Labour ignores poor A&E performance
Labour ignores poor A&E performance
Labour is still ignoring its consistently poor performing Accident and Emergency departments, says National Party Health spokesman Paul Hutchison.
He is releasing a new set of figures from the latest Hospital Benchmark report, for the quarter ended December 2004.
“There is virtually no movement in the results. District Health Boards are still failing to meet the target times and the money being put into health obviously isn't getting through to where it’s needed.

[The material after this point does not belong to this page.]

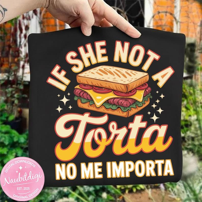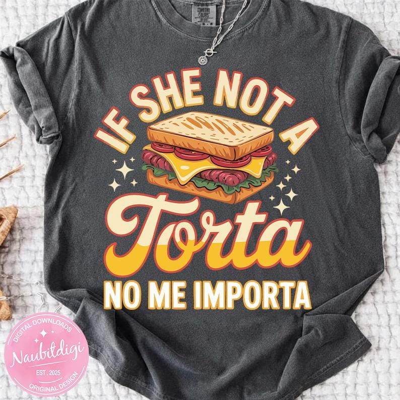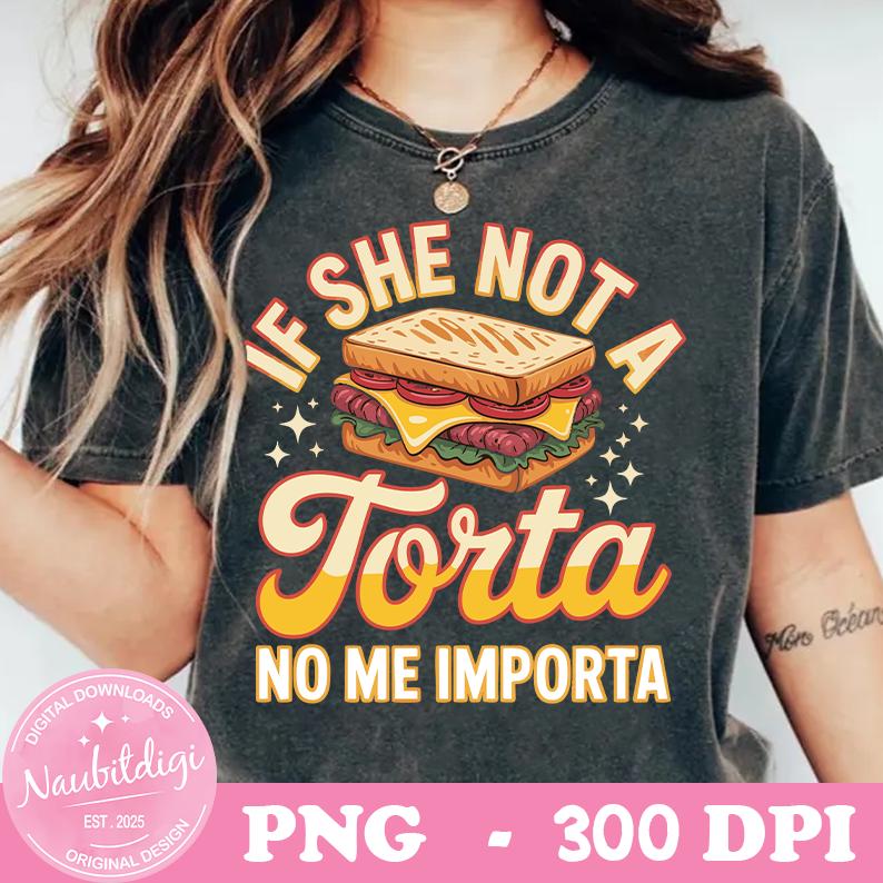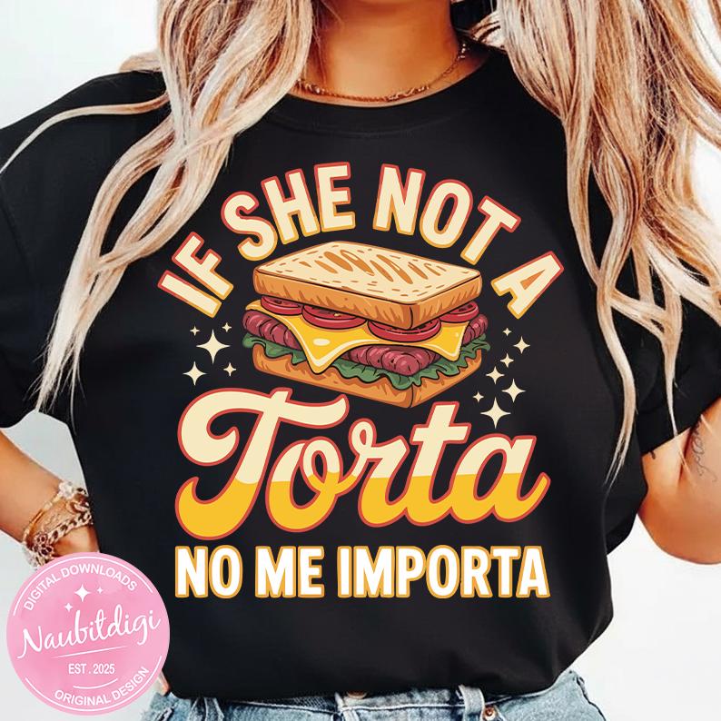 Add bold humor and foodie attitude to your apparel with this fun “If She Not a Torta No Me Importa” digital design 😄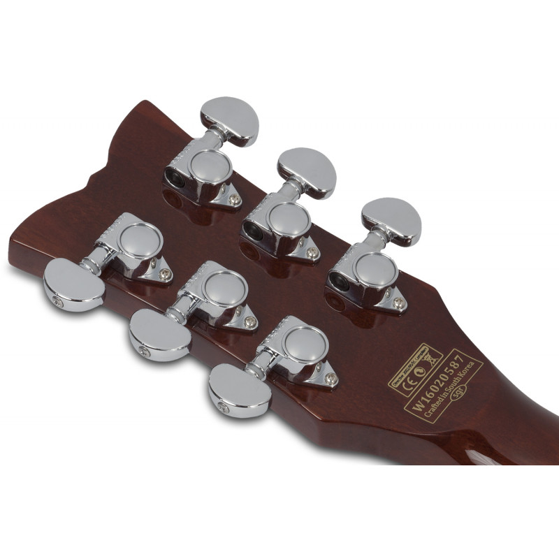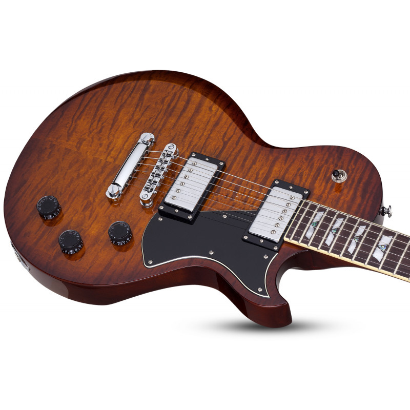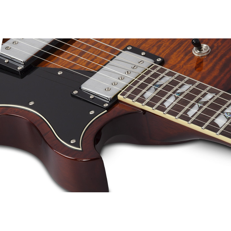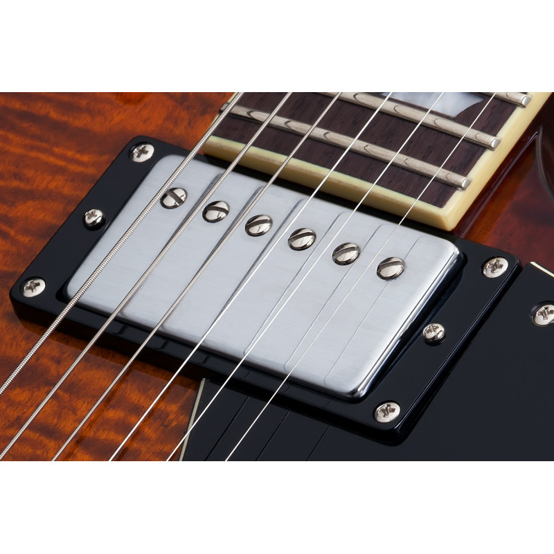 SCHECTER SOLO-II STANDARD FVSB - електрогітара, матеріал корпусу: червоне дерево, верхній матеріал: хвилястий клен, матеріал стерв'ятника: 3-шматкове червоне дерево, стерв'ятникове кріплення: Сет-Шия, підкладка стерв'ятника: палісандер, фритюрниця: Перлоїд і Амалон Tempest Split Crown, мензура: 24.75" (628 мм), лади: 22 X-Jumbo, радіус грифів: 12" (305 мм), Розміри ладів: 1-й лад - .826" (21 мм)/ q 12th fret - .905" (23 мм), поршні: Graph Tech XL Ivory Tusq, ширина пори: 1.653" (42 мм), Якір: подвійний, регульований з 4 мм якірним болтом, міст: TonePros T3BT TOM, T1' Tailpiece, Bridge Soundmaker: Schecter Diamond Alnico Plus, SoundMaker: Schecter Diamond Alnico Plus, Регулятори: об'єм / гучність / тон (Push-Pull)/3 пози. Перемикач, облягаючий колір: хром, нерівності: Гровер, колір: Бляклий вінтажний сонячний проміння (FVSB).

“Only four Health Boards met all three triage benchmarks, and the average results for all Boards combined have shown little change over the last three years.
“Fourteen of the 21 DHBs failed to meet benchmark goals of seeing patients within 10 minutes, for conditions such as serious head injury, massive bleeding or suspected heart attack. It confirms once again Labour’s inability to set sensible spending priorities, let alone manage a complex health system.
“The Government cannot afford to be idle when it comes to emergency health services. It knows its A&E departments are still seriously underperforming, yet it still hasn ‘t got the basics right.
"Despite the extra billions of taxpayer money being poured into the public health system, patients are still being culled from waiting lists. And now when they turn up for emergency treatment, this report shows they may not get it as soon as they should.
“Simply too much energy, money and time is being spent on Labour’s bureaucracy, and not enough is finding its way to the frontline," says Dr Hutchison.